---- Data listing
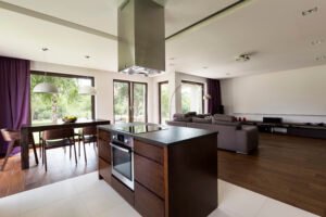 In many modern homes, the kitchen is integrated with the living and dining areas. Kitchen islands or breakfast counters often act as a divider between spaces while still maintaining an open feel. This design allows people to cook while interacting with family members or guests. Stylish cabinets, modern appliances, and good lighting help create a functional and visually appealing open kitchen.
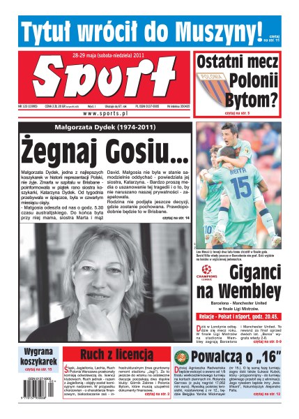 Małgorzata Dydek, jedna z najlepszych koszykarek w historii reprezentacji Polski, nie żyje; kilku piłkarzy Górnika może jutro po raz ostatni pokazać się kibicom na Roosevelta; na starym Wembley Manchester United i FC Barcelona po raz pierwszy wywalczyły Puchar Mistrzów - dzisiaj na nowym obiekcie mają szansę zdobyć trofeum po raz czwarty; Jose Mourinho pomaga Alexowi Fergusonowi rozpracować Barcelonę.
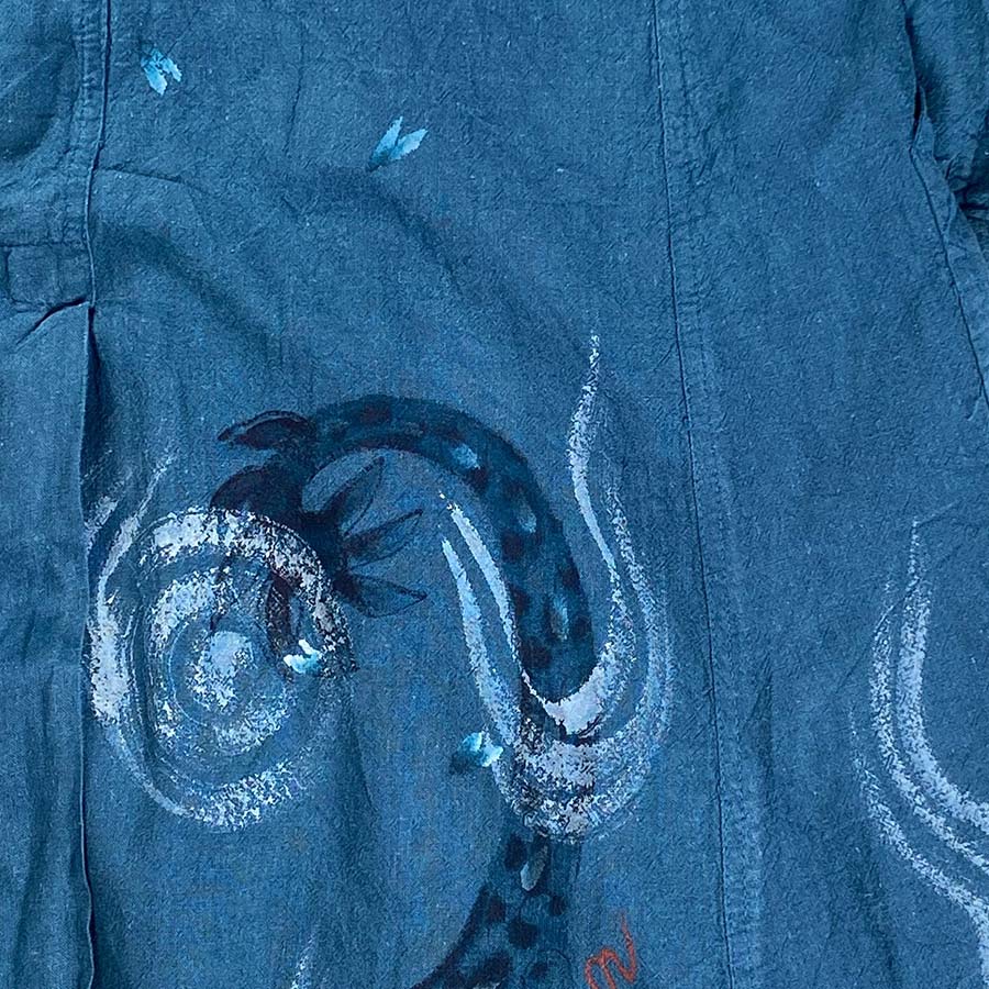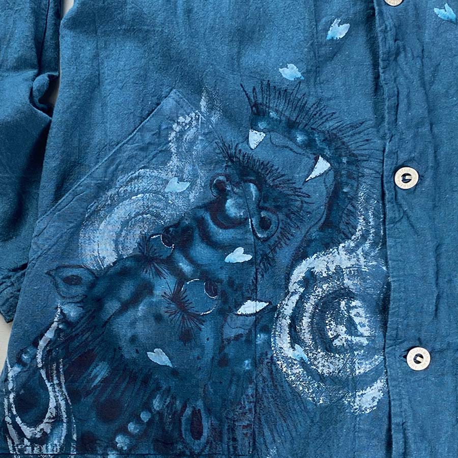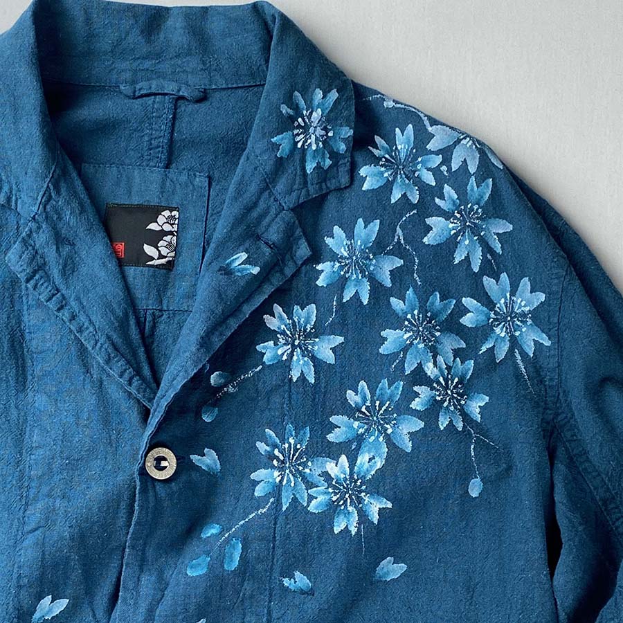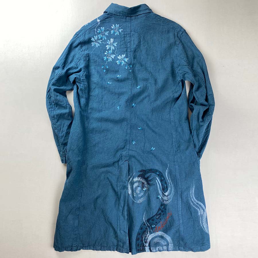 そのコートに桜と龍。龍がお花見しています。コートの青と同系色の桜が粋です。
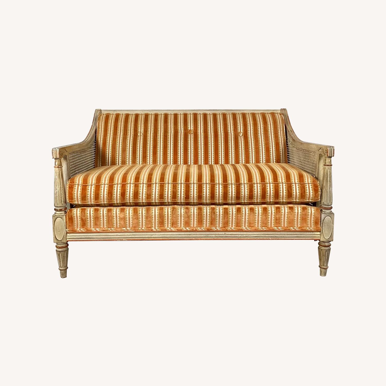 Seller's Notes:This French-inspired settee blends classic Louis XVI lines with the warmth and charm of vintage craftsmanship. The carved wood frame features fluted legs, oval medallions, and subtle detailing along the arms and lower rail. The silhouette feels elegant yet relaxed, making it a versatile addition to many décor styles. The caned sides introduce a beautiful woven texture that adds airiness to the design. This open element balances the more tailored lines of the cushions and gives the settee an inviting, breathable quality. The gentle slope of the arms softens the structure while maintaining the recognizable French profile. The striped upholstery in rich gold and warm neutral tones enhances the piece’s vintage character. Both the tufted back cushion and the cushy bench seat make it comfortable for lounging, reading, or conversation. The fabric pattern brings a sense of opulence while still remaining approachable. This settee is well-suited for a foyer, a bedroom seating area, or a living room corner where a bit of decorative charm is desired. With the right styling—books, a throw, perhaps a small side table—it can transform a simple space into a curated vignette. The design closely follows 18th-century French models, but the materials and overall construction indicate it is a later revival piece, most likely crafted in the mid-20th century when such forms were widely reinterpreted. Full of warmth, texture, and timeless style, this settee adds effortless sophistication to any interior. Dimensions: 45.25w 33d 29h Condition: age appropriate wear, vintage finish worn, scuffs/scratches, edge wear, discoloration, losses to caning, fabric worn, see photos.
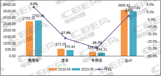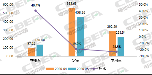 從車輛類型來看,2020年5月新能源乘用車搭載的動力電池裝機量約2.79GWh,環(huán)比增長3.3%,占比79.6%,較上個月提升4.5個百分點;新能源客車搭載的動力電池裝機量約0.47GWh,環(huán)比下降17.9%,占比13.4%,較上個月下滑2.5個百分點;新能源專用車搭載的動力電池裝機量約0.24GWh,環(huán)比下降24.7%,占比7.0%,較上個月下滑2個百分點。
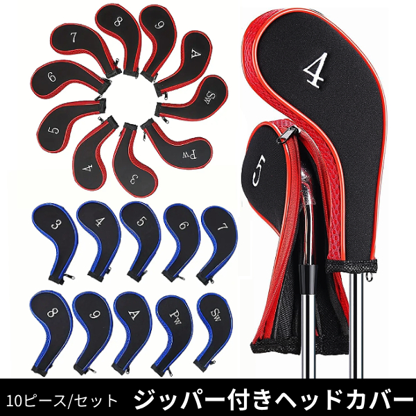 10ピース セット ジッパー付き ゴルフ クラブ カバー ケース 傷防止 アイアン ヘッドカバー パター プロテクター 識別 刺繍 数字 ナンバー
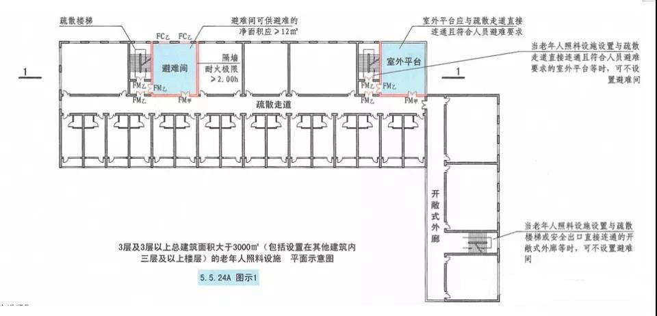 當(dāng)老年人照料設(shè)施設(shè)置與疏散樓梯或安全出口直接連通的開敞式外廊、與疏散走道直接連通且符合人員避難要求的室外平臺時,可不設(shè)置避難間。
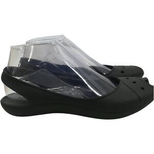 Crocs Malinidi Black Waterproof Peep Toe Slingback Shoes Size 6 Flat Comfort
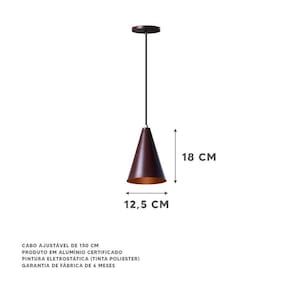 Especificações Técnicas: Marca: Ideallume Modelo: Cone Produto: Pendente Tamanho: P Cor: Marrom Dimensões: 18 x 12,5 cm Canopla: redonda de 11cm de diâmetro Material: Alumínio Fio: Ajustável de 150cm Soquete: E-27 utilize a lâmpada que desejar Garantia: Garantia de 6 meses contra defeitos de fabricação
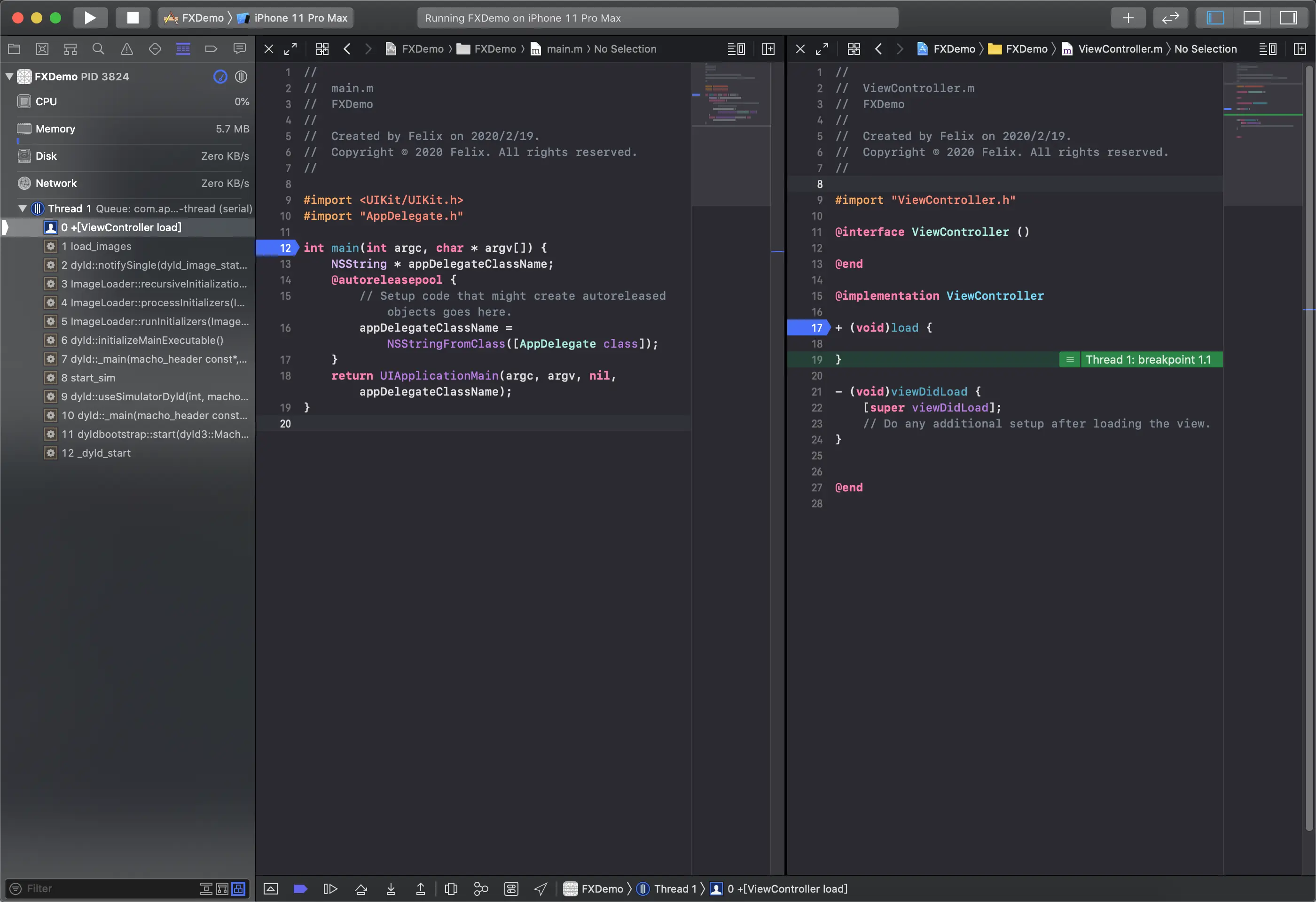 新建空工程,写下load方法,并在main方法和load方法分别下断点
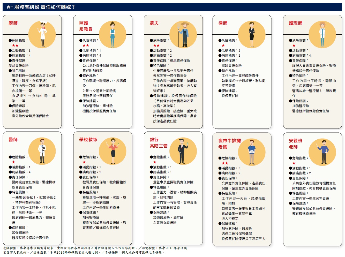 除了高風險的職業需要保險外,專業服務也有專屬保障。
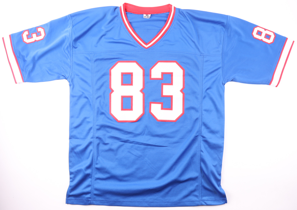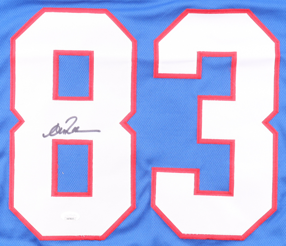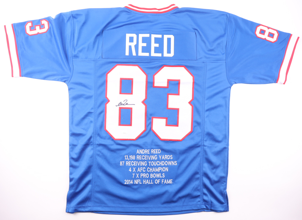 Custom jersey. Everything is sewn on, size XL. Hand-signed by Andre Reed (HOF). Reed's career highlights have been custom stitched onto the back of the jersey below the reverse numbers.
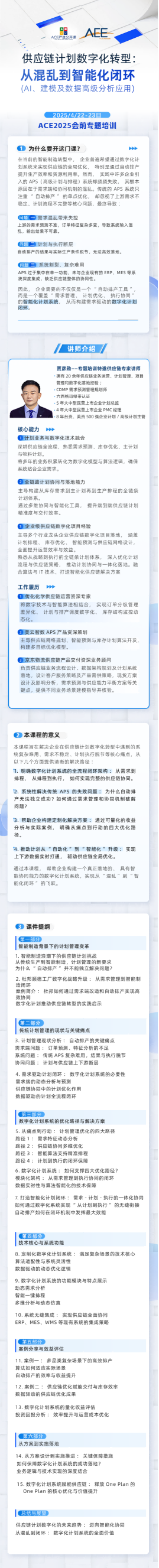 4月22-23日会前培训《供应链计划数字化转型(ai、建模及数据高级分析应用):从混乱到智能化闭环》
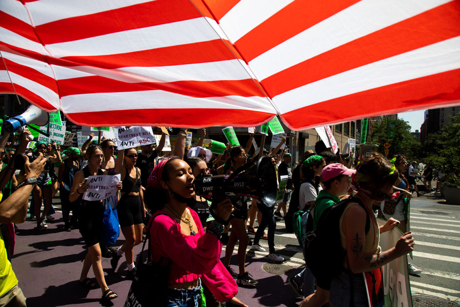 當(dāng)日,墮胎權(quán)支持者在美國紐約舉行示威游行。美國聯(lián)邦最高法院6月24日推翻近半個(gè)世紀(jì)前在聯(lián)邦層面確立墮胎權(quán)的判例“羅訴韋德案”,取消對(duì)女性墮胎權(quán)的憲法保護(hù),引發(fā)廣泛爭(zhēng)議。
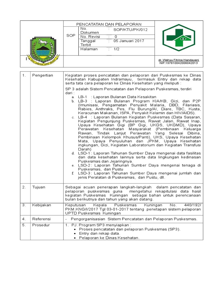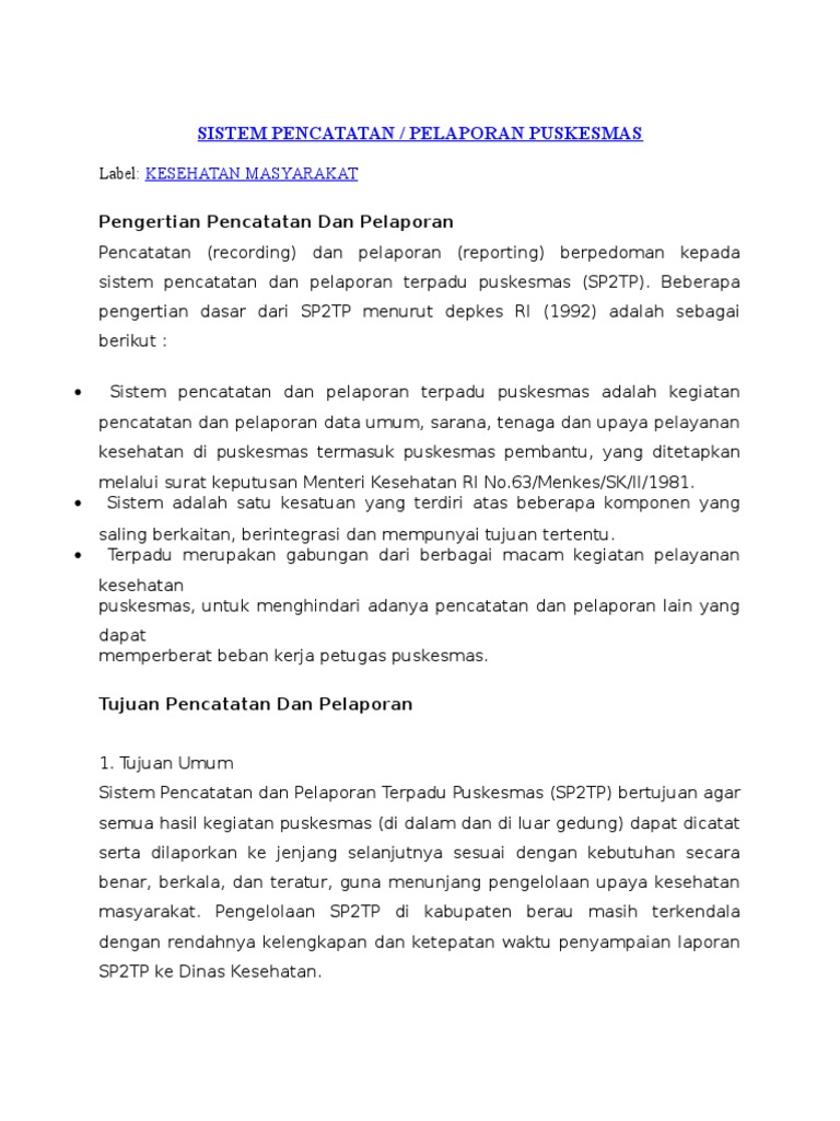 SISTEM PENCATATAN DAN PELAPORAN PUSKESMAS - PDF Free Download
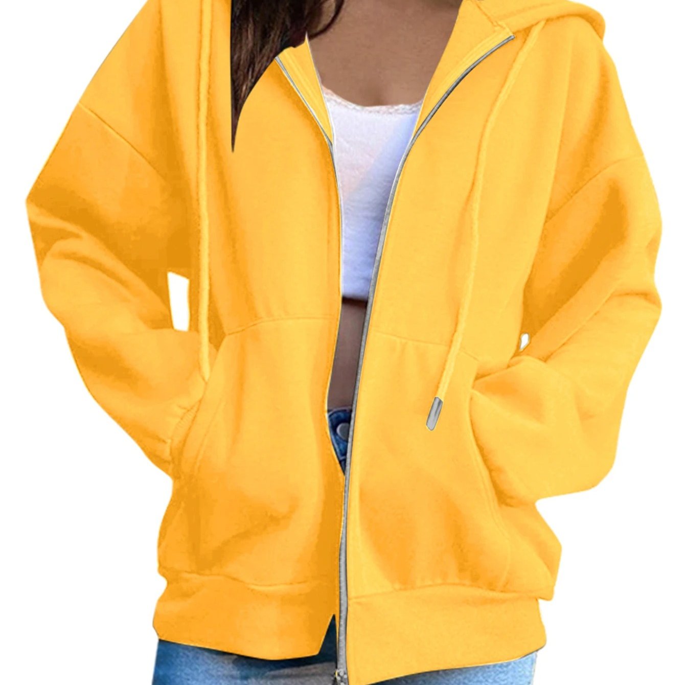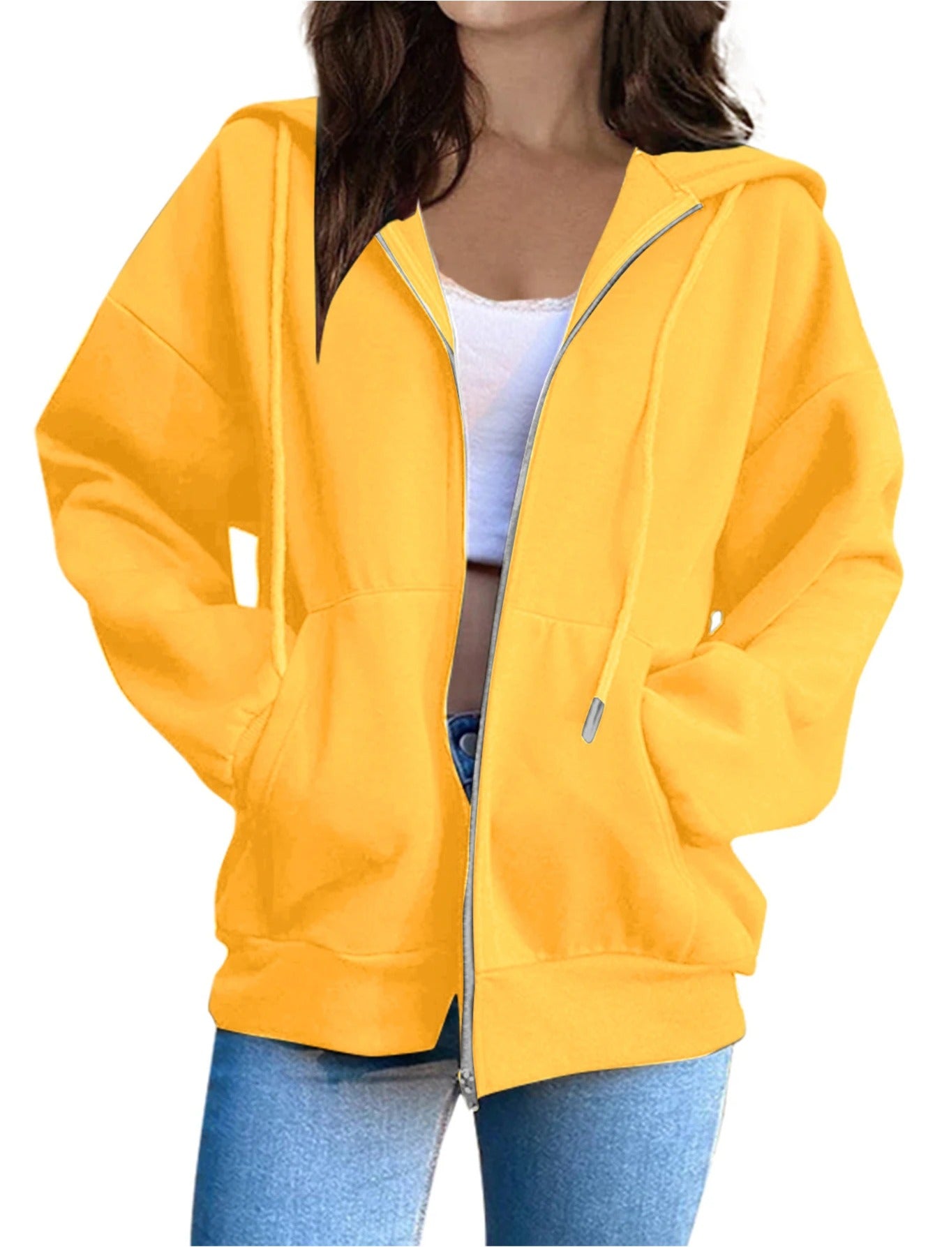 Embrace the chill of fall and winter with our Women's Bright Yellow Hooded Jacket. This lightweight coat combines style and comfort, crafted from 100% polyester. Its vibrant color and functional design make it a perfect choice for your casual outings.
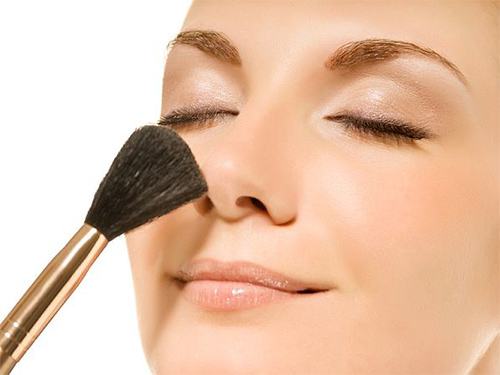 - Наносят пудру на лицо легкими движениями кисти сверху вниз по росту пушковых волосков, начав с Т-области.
--------
Problem statement ▸ In the data above, find the line with "Małgorzata Dydek, jedna" and the line with "そのコートに桜と龍。龍がお花見しています。コートの青と同系色の桜が粋です。". Please copy exactly those two lines and every line between them, but not the pictures.

Solution to the exercise ▸
 Małgorzata Dydek, jedna z najlepszych koszykarek w historii reprezentacji Polski, nie żyje; kilku piłkarzy Górnika może jutro po raz ostatni pokazać się kibicom na Roosevelta; na starym Wembley Manchester United i FC Barcelona po raz pierwszy wywalczyły Puchar Mistrzów - dzisiaj na nowym obiekcie mają szansę zdobyć trofeum po raz czwarty; Jose Mourinho pomaga Alexowi Fergusonowi rozpracować Barcelonę.
 そのコートに桜と龍。龍がお花見しています。コートの青と同系色の桜が粋です。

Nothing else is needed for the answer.